Optionally, the second parameter may further include a device number corresponding to the subnode sending the second parameter.
With reference to the first aspect, in some implementations of the first aspect, the first threshold includes a time threshold L and/or a count threshold N, N is an integer greater than or equal to 1, the time threshold L is a preset quantity of time units configured to upload a local model in each round of iteration, and L is an integer greater than or equal to 1. That the computing node fuses, according to the model fusion algorithm, the m received first local models when the first threshold is reached includes: When the first threshold is the count threshold N, the computing node fuses, according to the model fusion algorithm, the m first local models received when the first threshold is reached, where m is greater than or equal to the count threshold N; when the first threshold is the time threshold L, the computing node fuses, according to the model fusion algorithm, m first local models received in L time units; or when the first threshold includes the count threshold N and the time threshold L, and either threshold of the count threshold N and the time threshold L is reached, the computing node fuses, according to the model fusion algorithm, the m received first local models.
With reference to the first aspect, in some implementations of the first aspect, the first parameter further includes a first contribution vector, and the first contribution vector includes contribution proportions of the K subnodes in the first global model. That the computing node fuses the m received first local models according to the model fusion algorithm, to generate a second global model includes: The computing node determines a first fusion weight based on the first contribution vector, a first sample proportion vector, and the first version number t′ corresponding to the m first local models, where the first fusion weight includes a weight of each local model of the m first local models upon model fusion with the first global model, and the first sample proportion vector includes a proportion of a local dataset of each subnode of the K subnodes in all local datasets of the K subnodes. The computing node determines the second global model based on the first fusion weight, the m first local models, and the first global model.
The method further includes: The computing node determines a second contribution vector based on the first fusion weight and the first contribution vector, where the second contribution vector is contribution proportions of the K subnodes in the second global model. The computing node sends the second contribution vector to some or all subnodes of the K subnodes in the (t+1)^thround of iteration.

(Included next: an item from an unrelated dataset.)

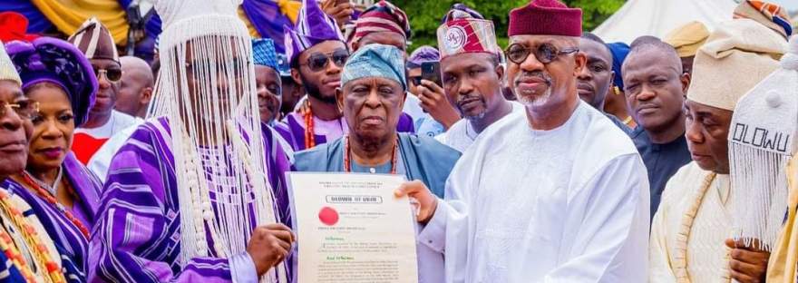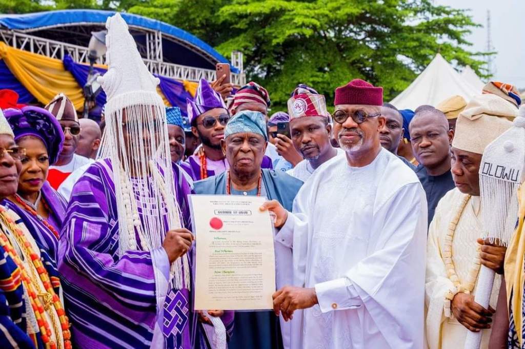 Ogun State governor, Dapo Abiodun, on Saturday, presented the instrument of office to the 14th Olowu of Owu, Oba (Prof.) Saka Matemilola, with a charge to see his installation as a call to service towards the development of Owu Kingdom and the state in general.

In the fusion algorithm in the foregoing technical solution, a data characteristic included in the local model, a lag degree, and a utilization degree of a data feature of a sample set of a corresponding node are comprehensively considered. Based on the comprehensive consideration of various factors, each model may be endowed with a proper fusion weight, to ensure fast and stable convergence of the model.

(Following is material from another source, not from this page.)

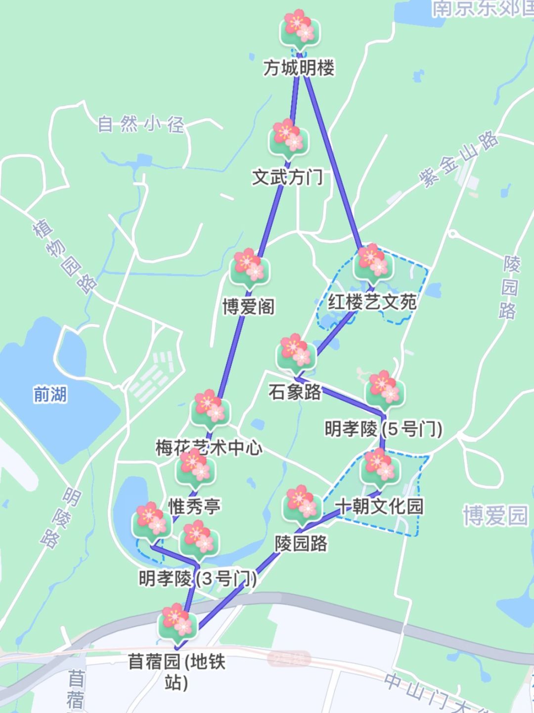 苜蓿园地铁站➠明孝陵3号门➠燕雀湖➠长生鹿苑➠文武方门➠明楼➠惟秀亭➠梅花艺术中心➠博爱阁➠红楼艺文苑➠石象路➠明孝陵5号门➠十朝历史文化园➠陵园路➠紫金坊➠苜蓿园地铁站

With reference to the first aspect, in some implementations of the first aspect, before the computing node receives, in the t^thround of iteration, the second parameter sent by the at least one subnode, the method further includes: The computing node receives a first resource allocation request message from the at least one subnode, where the first resource allocation request message includes the first version number t′. When a quantity of the first resource allocation requests received by the computing node is less than or equal to a quantity of resources in a system, the computing node notifies, based on the first resource allocation request message, the at least one subnode to send the second parameter on an allocated resource; or when a quantity of the first resource allocation requests received by the computing node is greater than a quantity of resources in a system, the computing node determines based on the first resource allocation request message sent by the at least one subnode and the first proportion vector, a probability for a resource being allocated to each subnode of the at least one subnode. The computing node determines, based on the probability, to use a subnode of a resource in the system from the at least one subnode. The computing node gives a notification of determining to use the subnode of the resource in the system to send the second parameter on an allocated resource.
According to a central scheduling mechanism for local model uploading that is proposed in the foregoing technical solution, it can be ensured that the local model may use more data information with time validity may be used during fusion, to alleviate collision in an uploading process, reduce a transmission latency, and improve the training efficiency.
According to a second aspect, a method for semi-asynchronous federated learning is provided, may be applied to a subnode, or may be applied to a component (for example, a chip, a chip system, or a processor) in the subnode. The apparatus includes: The subnode receives a first parameter from a computing node in a t^thround of iteration, where the first parameter includes a first global model and a first timestamp t−1, the first global model is a global model generated by the computing node in a (t−1)^thround of iteration, and t is an integer greater than or equal to 1. The subnode trains, based on a local dataset, the first global model or a global model received before the first global model, to generate a first local model. The subnode sends a second parameter to the computing node in the t^thround of iteration, where the second parameter includes the first local model and a first version number t′, the first version number indicates that the first local model is generated by the subnode through training, based on the local dataset, a global model received in a (t′+1)^thround of iteration, the first version number is determined by the subnode based on a timestamp received in the (t′+1)^thround of iteration, 1≤t′+1≤t, and t′ is a natural number. The subnode receives a third parameter from the computing node in a (t+1)^thround of iteration, where the third parameter includes the second global model and a second timestamp t.
Optionally, the second parameter may further include a device number corresponding to the subnode sending the second parameter.
For technical effects of the second aspect, refer to descriptions in the first aspect. Details are not described herein again.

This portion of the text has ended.